* [EXCERPTED DATA]
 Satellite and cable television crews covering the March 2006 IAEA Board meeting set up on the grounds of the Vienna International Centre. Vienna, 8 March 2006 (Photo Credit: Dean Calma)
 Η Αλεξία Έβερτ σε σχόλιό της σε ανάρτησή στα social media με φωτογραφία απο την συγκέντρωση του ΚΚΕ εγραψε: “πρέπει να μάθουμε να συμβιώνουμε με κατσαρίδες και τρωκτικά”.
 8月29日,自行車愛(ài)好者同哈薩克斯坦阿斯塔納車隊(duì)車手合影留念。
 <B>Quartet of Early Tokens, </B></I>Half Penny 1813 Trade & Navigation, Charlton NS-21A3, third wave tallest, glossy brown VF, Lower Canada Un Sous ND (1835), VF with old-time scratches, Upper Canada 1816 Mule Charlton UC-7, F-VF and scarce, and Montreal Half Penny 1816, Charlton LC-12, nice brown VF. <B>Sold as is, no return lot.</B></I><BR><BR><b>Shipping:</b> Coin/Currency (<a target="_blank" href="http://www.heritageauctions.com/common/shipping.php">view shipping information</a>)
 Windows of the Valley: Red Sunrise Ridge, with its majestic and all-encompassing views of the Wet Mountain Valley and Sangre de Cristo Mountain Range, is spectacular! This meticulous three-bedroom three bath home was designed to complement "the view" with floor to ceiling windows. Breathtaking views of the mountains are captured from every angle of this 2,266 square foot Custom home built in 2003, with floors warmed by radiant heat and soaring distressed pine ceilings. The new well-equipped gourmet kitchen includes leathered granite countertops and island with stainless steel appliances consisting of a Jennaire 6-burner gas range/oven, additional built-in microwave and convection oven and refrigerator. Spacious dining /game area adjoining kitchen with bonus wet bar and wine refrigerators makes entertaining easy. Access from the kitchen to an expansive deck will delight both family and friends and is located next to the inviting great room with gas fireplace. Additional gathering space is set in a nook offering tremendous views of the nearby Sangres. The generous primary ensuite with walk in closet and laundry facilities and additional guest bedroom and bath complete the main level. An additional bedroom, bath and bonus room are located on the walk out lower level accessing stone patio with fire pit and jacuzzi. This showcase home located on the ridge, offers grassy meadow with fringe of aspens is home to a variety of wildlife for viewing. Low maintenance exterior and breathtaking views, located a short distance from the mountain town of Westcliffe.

* * *

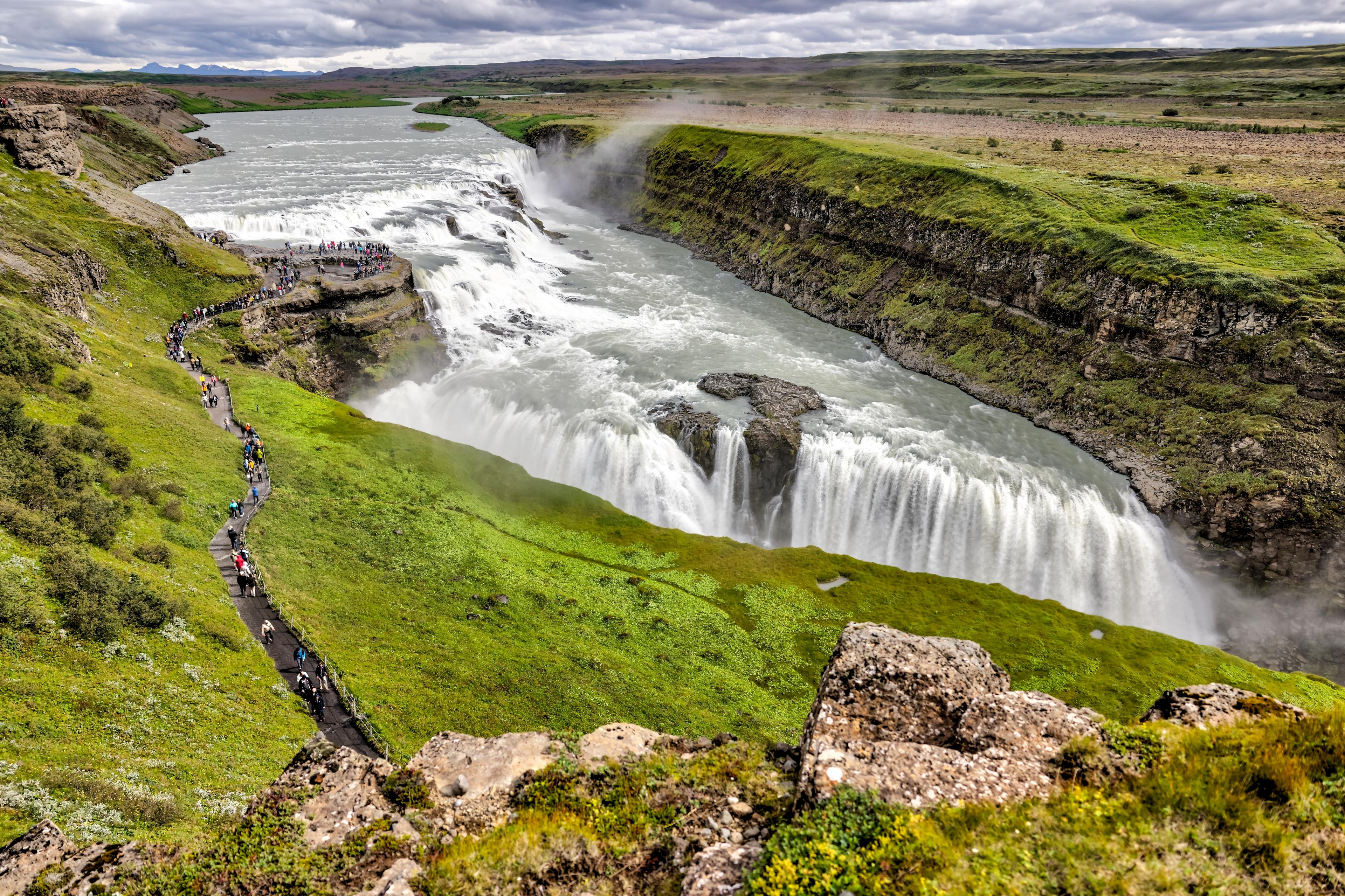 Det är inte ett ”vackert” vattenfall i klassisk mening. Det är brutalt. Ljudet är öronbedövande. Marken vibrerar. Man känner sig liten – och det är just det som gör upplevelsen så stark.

* [EXERCISE] Please give back, exactly as it stands above, the stretch from the line with "Η Αλεξία Έβερτ" through the line with "<B>Quartet of Early", and no line outside it.

* [SOLUTION FOR THIS TASK]
 Η Αλεξία Έβερτ σε σχόλιό της σε ανάρτησή στα social media με φωτογραφία απο την συγκέντρωση του ΚΚΕ εγραψε: “πρέπει να μάθουμε να συμβιώνουμε με κατσαρίδες και τρωκτικά”.
 8月29日,自行車愛(ài)好者同哈薩克斯坦阿斯塔納車隊(duì)車手合影留念。
 <B>Quartet of Early Tokens, </B></I>Half Penny 1813 Trade & Navigation, Charlton NS-21A3, third wave tallest, glossy brown VF, Lower Canada Un Sous ND (1835), VF with old-time scratches, Upper Canada 1816 Mule Charlton UC-7, F-VF and scarce, and Montreal Half Penny 1816, Charlton LC-12, nice brown VF. <B>Sold as is, no return lot.</B></I><BR><BR><b>Shipping:</b> Coin/Currency (<a target="_blank" href="http://www.heritageauctions.com/common/shipping.php">view shipping information</a>)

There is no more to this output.